This moody eigrp on DMVPN tunnels

Published on April 29, 2013

This moody eigrp on DMVPN tunnels

I will share the problem and its sudden solution, which we encountered last week, and which caused us a lot of trouble.
So, the situation is fairly standard, the central office of the company is connected by communication channels to remote units. Communication (Internet and VPN) is provided by two operators. In order to minimize the downtime of remote units when one channel falls at the office, 2 tunnels DMVPN were built for each unit. Dynamic intra-network routing, eigrp. Respectively in the central office 2 Cisco routers are used.
The number of remote units is about 70, respectively, each router builds the same number of tunnels. The average load on the channel is 40-60% of the bandwidth guaranteed by operators.
DMVPN setup was used fairly standard, described in the primer:



hub:

interface Tunnel201
description - = DMVPN_201 = -
ip address 10.10.201.1 255.255.255.0
no ip redirects
ip mtu 1416
ip hold-time eigrp 1 25
no ip next-hop-self eigrp 1
ip nhrp authentication 11111
ip nhrp map multicast dynamic
ip nhrp network-id 201
no ip split-horizon eigrp 1
delay 1000
cdp enable
tunnel source GigabitEthernet0 / 0.2
tunnel mode gre multipoint
tunnel key 11111
!
end

router eigrp 1
network 10.10.201.0 0.0.0.255
network 192.168.0.0 0.0.1.255

In general, a classic circuit that works fine for several months in a row.

www.cisco.com/en/US/tech/tk583/tk372/technologies_configuration_example09186a008014bcd7.shtml is a similar example from Cisco.

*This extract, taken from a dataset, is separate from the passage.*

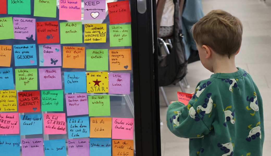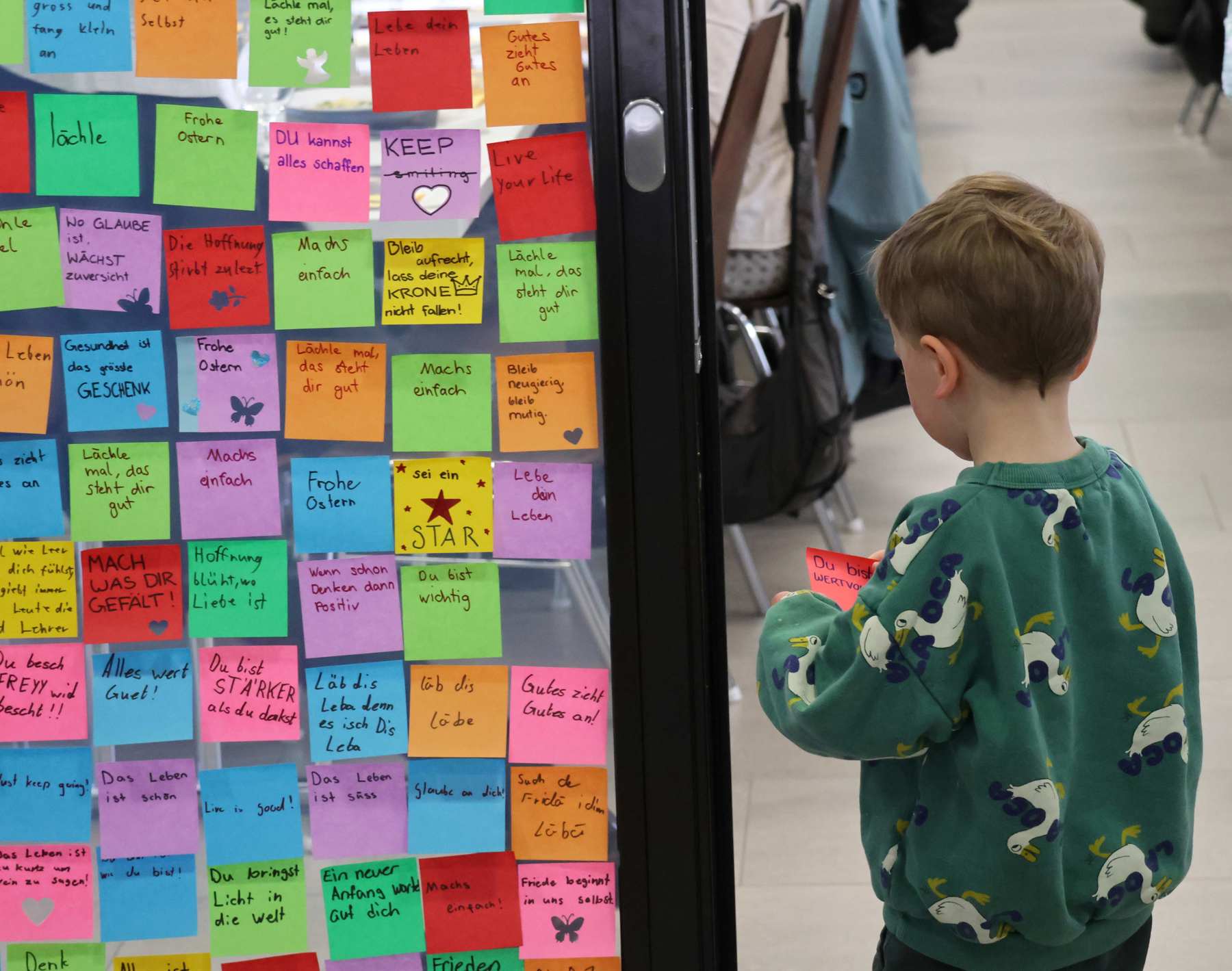 Ein besonderes Zeichen für Hoffnung und Zuversicht setzten Schülerinnen und Schüler der 3. Oberstufe des OZM: Sie gestalteten eine Fensterwand mit «Frohe Botschaft»-Post-its, von denen die Besucherinnen und Besucher eine kleine Portion Optimismus mit nach Hause nehmen konnten.

Until one day we did not encounter the problem that all internal routes on eigrp did not start to fall off every 30-90 seconds. At the same time, the tunnel stood perfectly and the tunnel interface perfectly pinged. Errors like:

* Apr 23 2013 15: 19: 47.759 GMT + 11:% DUAL-5-NBRCHANGE: EIGRP-IPv4 1: Neighbor 10.10.202.9 (Tunnel202) is down: holding time expired
* Apr 23 2013 15: 19: 52.707 GMT + 11:% DUAL-5-NBRCHANGE: EIGRP-IPv4 1: Neighbor 10.10.202.9 (Tunnel202) is up: new adjacency
* Apr 23 2013 15: 23: 56.298 GMT + 11:% DUAL-5-NBRCHANGE : EIGRP-IPv4 1: Neighbor 10.10.202.57 (Tunnel202) is up: new adjacency
* Apr 23 2013 15: 24: 43.070 GMT + 11:% DUAL-5-NBRCHANGE: EIGRP-IPv4 1: Neighbor 10.10.202.9 (Tunnel202) is down: holding time expired

Moreover, the problem arose suddenly and immediately on both routers. Began dancing with a tambourine, smoking cisco.com, etc.
Overloading each of the routers separately did not solve the problem.
The overload of both routers, taken as a last resort, left the branches without communication for a rather large (up to 15-20 minutes) interval, but it helped to cope with the problem. It was possible to exhale and calmly start looking for a reason, hoping that for a few more months everything would work just fine, as it had worked before.
However, we were happy early, 3 days later the problem repeated in exactly the same way. All recommendations from cisco.com on changing mtu on the tunnel and the physical interface, as well as other shamanistic campaigns, did not bring any results. After a fairly long period of time, in one of the very tiny forums, we found a topic with a similar problem, and in the last message it was written something like:
“Thank you all, the problem is fixed. I don’t know how and why, but the inclusion of ip bandwidth-percent eigrp helped. ”

Since there was nothing to do anyway, without much faith in success, we prescribe the specified command in the properties of the tunnel, indicating 100 as the parameter for using the channel (there’s nothing to lose anyway), and - MIRACLE, it worked like a clock.
But after looking through a bunch of forums we repeatedly came across this problem that other colleagues had, and the solution was never described.
Naturally, in the future we reduced the percentage figure.
Maybe we invented another bike, but did not find this information anywhere else. Maybe someone else will need it. Please use.